As shown in Figure 4, the method for classifying modes realization flow in the second step of the quick supervised learning method of a kind of discrete value proper vector providing for the embodiment of the present invention, details are as follows:

Here we still illustrate this algorithm with the 2 class sorters of m=2, and wherein the span of 2 dimensions is all 1-9, respectively 81 grid in corresponding diagram 2.Here the grid of 9*9 is corresponding to the hypercube in flow process, a unit in the corresponding hypercube of each grid.

Training vector as hereinbefore.

The 1st step, we set up a hypercube as shown in Figure 2, according to known training vector, give class label to wherein 8 unit.

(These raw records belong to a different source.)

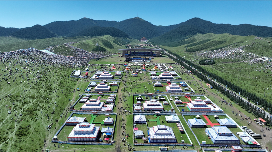 盛夏的甘南到了如詩如歌的最美季節(jié),艷陽高照下的合作當(dāng)周草原天藍(lán)草碧格桑花開,數(shù)百頂潔白的帳篷和盛裝出行的甘南各族群眾將這里裝扮成色彩斑斕的最美畫卷。
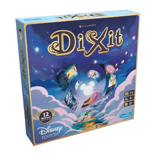 Las mismas reglas de Dixit con nuevo material, de 3 a 6 jugadores, con tablero, diales de votación, fichas de madera... ¡Todo recubierto con la magia de Disney!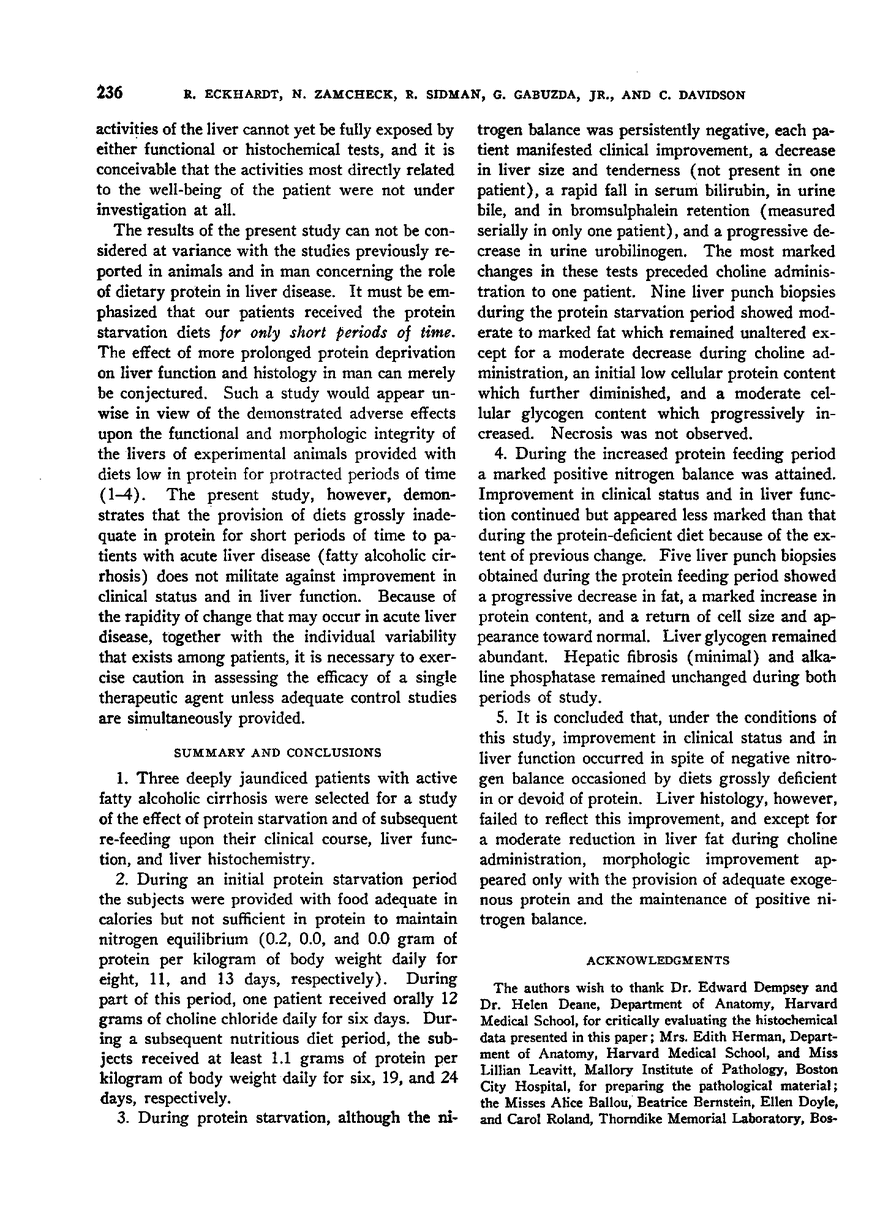 EFFECT OF PROTEIN STARVATION AND OF PROTEIN FEEDING ON THE CLINICAL COURSE, LIVER FUNCTION, AND LIVER HISTOCHEMISTRY OF THREE PATIENTS WITH ACTIVE FATTY ALCOHOLIC CIRRHOSIS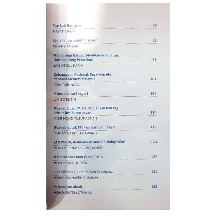 In our culture, writing letters is a habit that is increasingly being forgotten with the emergence of various gadgets and the speed of social media. What is more unusual is writing to the leader and the document being circulated for public viewing. This is because what is expressed may also be hidden by other groups. The papers in this book demand the understanding and understanding of the Prime Minister and his leadership with an open heart and mind.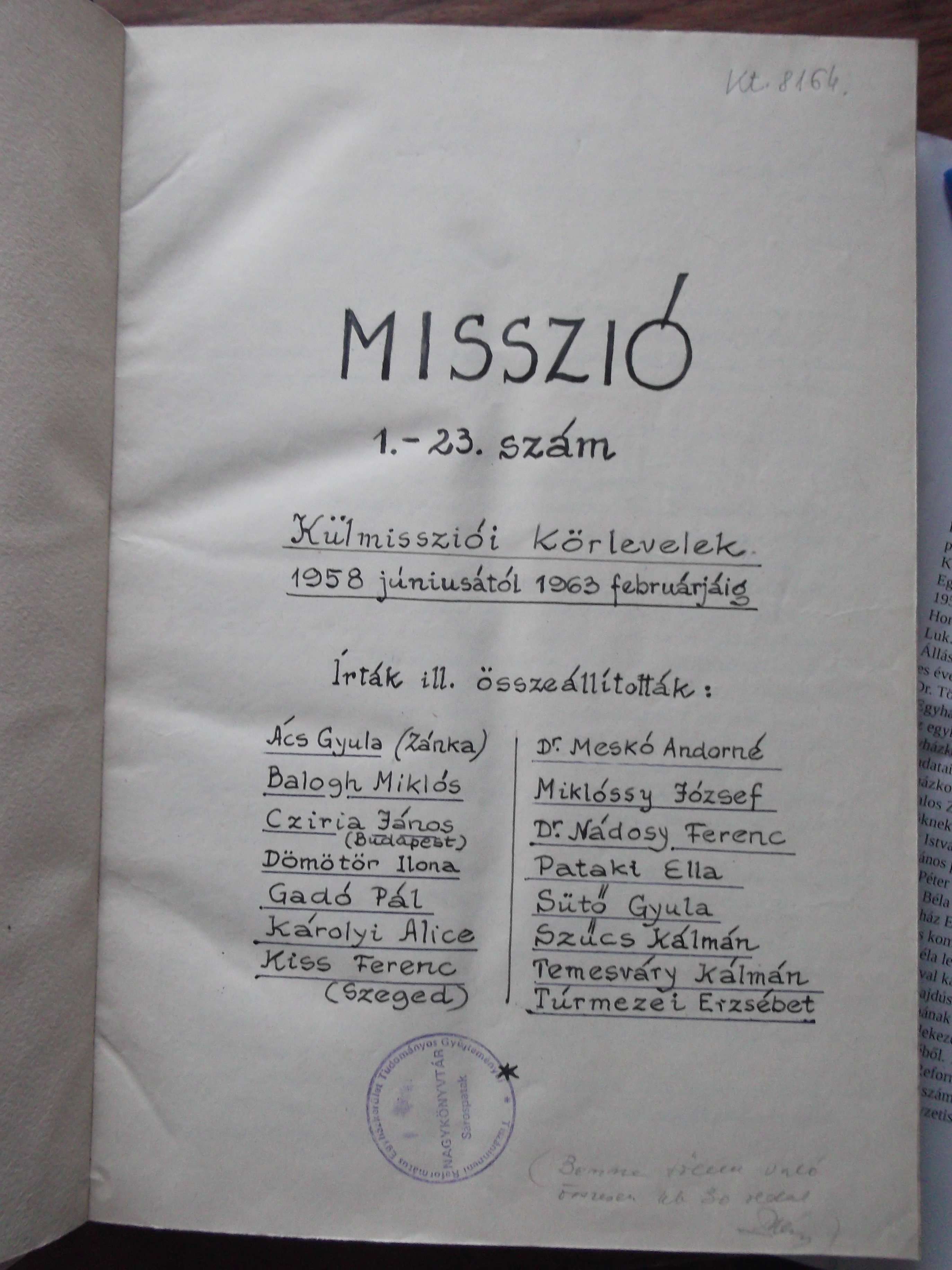 Misszió, 1963. (szamizdat)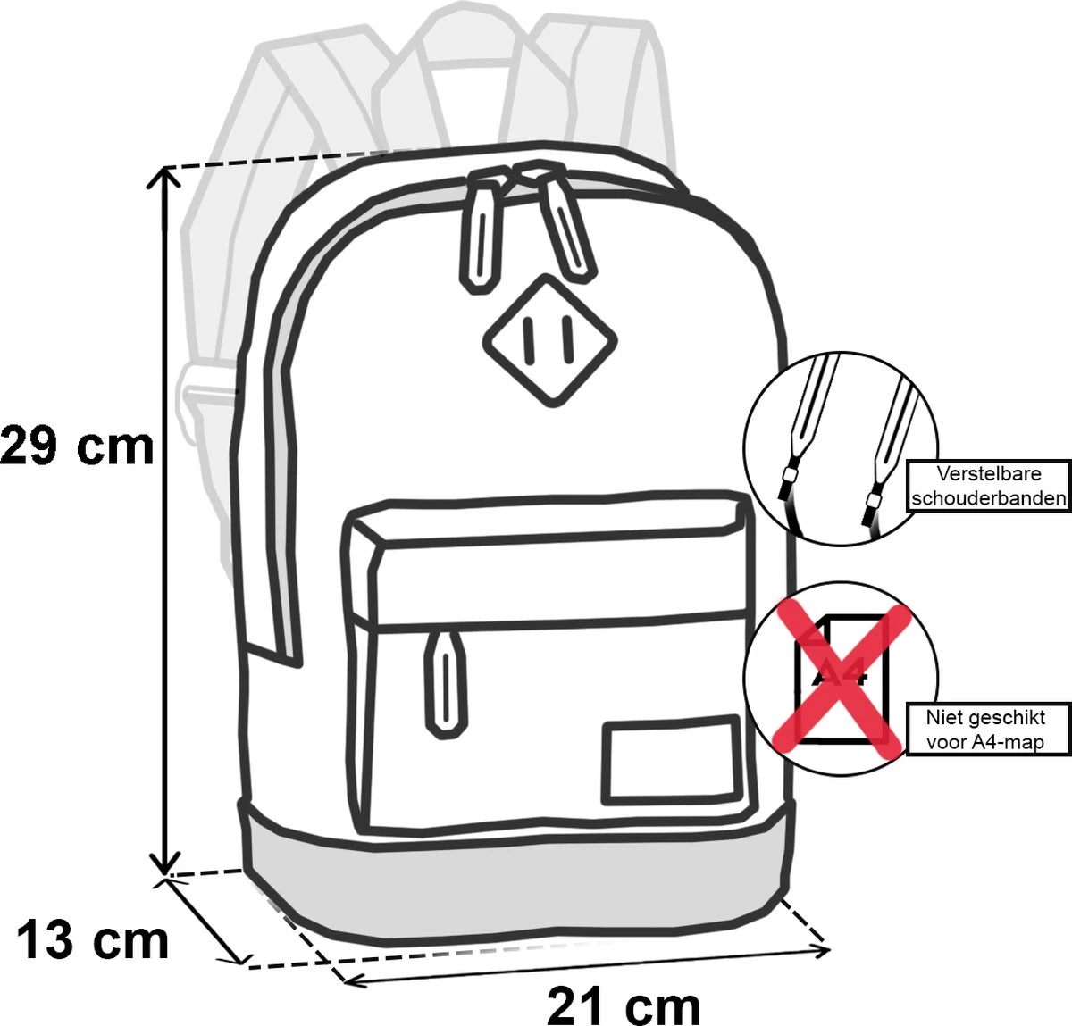 Controleer voor de aankoop de maat die u nodig heeft. Een handige tip is om de rug van uw kind op te meten en te vergelijken met de afmetingen van de rugzak. Let ook op dat tassen aan de bovenkant vaak smaller zijn dan aan de onderkant.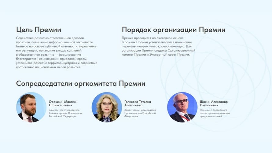 Напомним, премия «Лидеры ответственного бизнеса» проводится с 2023 года при поддержке Правительства, Совфеда и Госдумы. Оператором проекта выступает РСПП. В этом году генеральным партнёром премии стал Российский союз работодателей-рыбопромышленников.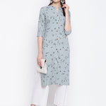 Printed Cotton Straight Kurta (Grey) (Pre-Order)
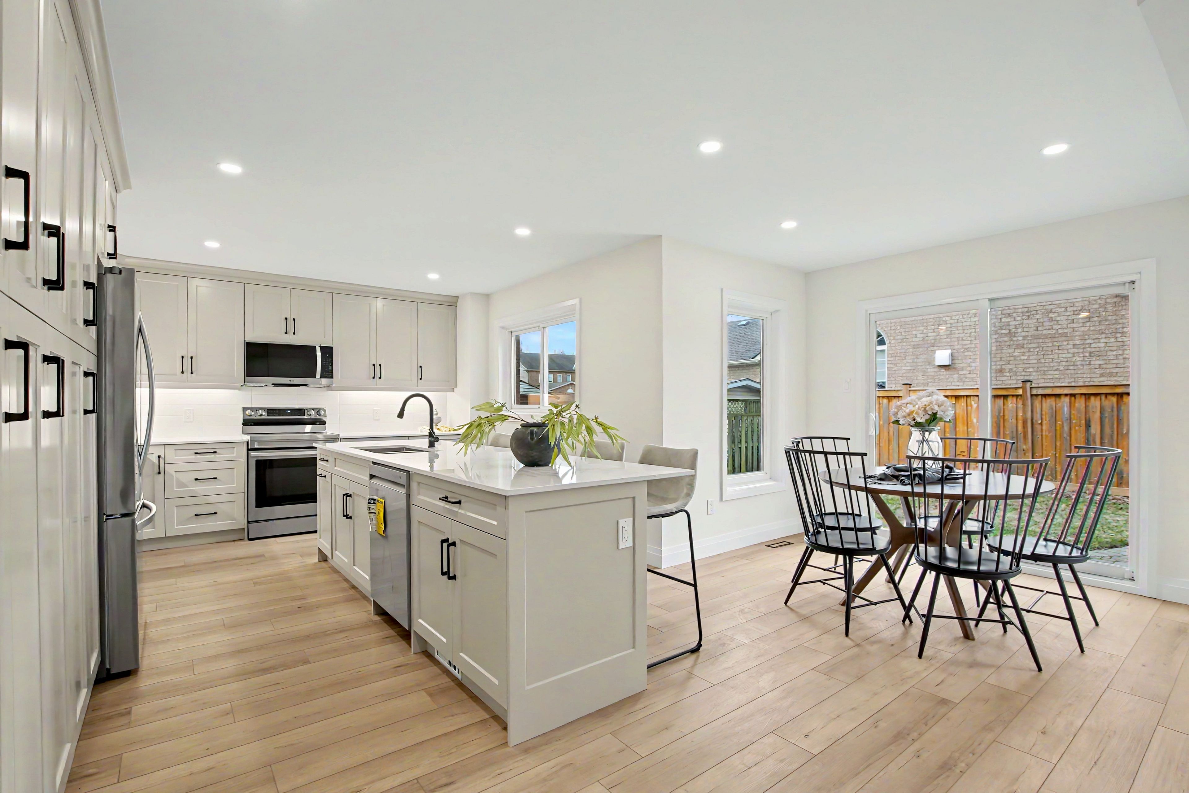 Welcome to this beautifully remodeled all-brick, 2-storey detached home in the sought-after, family-friendly west galt neighbourhood that delivers everything today's buyers are chasing. Featuring 3 bedrooms, 3 bathrooms, and a flawless modern layout, this is true move-in-ready living with zero compromises. The main floor is a showstopper-bright, open-concept, and anchored by a statement kitchen with a massive island (the true heart of the home), plus a dedicated home office and main floor powder room. Entertain with ease or unwind in style with a walkout to your fully fenced backyard. Everyday convenience is covered with a mudroom off the double car garage. Upstairs, the upgrades continue with upper-level laundry and a stunning primary retreat featuring a luxurious 5-piece ensuite and walk-in closet. Extras that seal the deal: double car garage + private double-wide driveway, and an unspoiled basement ready for future value. Location is unbeatable-just 10 minutes to the 401, surrounded by top-rated schools, parks, and every amenity a growing family needs. Homes like this don't sit-they sell.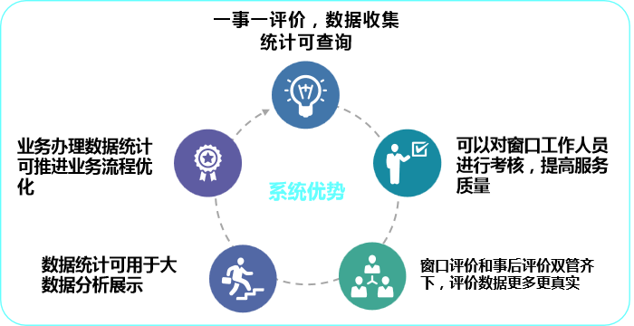政务服务水平的直接体现就是服务窗口,服务窗口是企事业单位面对民众沟通的第一场所,广大群众 在这里办理业务、 提出建议和意见,因此,每个窗口服务人员的形象、能力、效率等代表了服务单位的形象。为此,构建全面多样化的服务质量评价体系更能有助于推动行业服务质量的提高。

The 2nd step, is not 0 if there is no the element number of assignment in hypercube, carries out the 3rd step;

3rd, 4,5 steps, for convenience of description, the neighborhood that choose is here 4-neighborhood, all the other various distances are also all suitable for the neighborhood of form, and in the situation of multi-C vector, various neighborhoods are various distances and the hypercube neighborhood of form, are also all applicable to method of the present invention;

The assignment of 81 grid as shown in Figure 5, for the assignment graph of the grid after first round iteration, the assignment of 81 grid as shown in Figure 6, for the assignment graph of the grid after first round iteration, by that analogy, through too much taking turns after iteration, all possible proper vector all obtains class label in hypercube.For improving, the efficiency of follow-up test phase lays a good foundation.

This method for classifying modes in the second step proposing in the present invention is only searched for similar sample, and is not be used in the similar sample of global search in neighborhood, is also conducive to reduce the time complexity of training stage.

As shown in Figure 7, the architecture principle of the quick supervised learning categorizing system of a kind of discrete value proper vector providing for the embodiment of the present invention, details are as follows:

Supervised learning categorizing system fast, comprising:

As shown in Figure 8, the architecture principle of the hypercube assignment module in the quick supervised learning categorizing system of a kind of discrete value proper vector providing for the embodiment of the present invention, details are as follows:

Finish module, for finishing the operation of whole categorizing system.

For a person skilled in the art, can be according to technical scheme described above and design, make other various corresponding changes and distortion, and these all changes and distortion all should belong to the protection domain of the claims in the present invention within.

Claims

1. a quick supervised learning method for discrete value proper vector, is characterized in that comprising the following steps:

The 3rd step, test vector is by searching the corresponding unit value classification of hypercube;

Wherein, each training vector of described training vector set, for mdimensional vector, wherein every one dimension span length is r _i, i=1,2 ..., m, described hypercube is of a size of r ₁ * R ₂ * ... * R _m, each index value of hypercube is the eigenwert of every one dimension that vector is corresponding, each cell value of hypercube is the class label of corresponding vector.

2. the quick supervised learning method of discrete value proper vector as claimed in claim 1, is characterized in that,

Method for classifying modes in second step comprises the following steps:

The 5th step, this cell value that there is no the unit of assignment is in neighborhood, to have the class label of maximum element number in assignment unit, and carries out the 2nd step.

3. a quick supervised learning categorizing system for discrete value proper vector, is characterized in that comprising:

Test vector sort module, for classifying test vector by the corresponding unit value of searching hypercube;

4. the quick supervised learning categorizing system of discrete value proper vector as claimed in claim 3, is characterized in that, described hypercube assignment module comprises:

Finish module, for finishing the operation of whole categorizing system.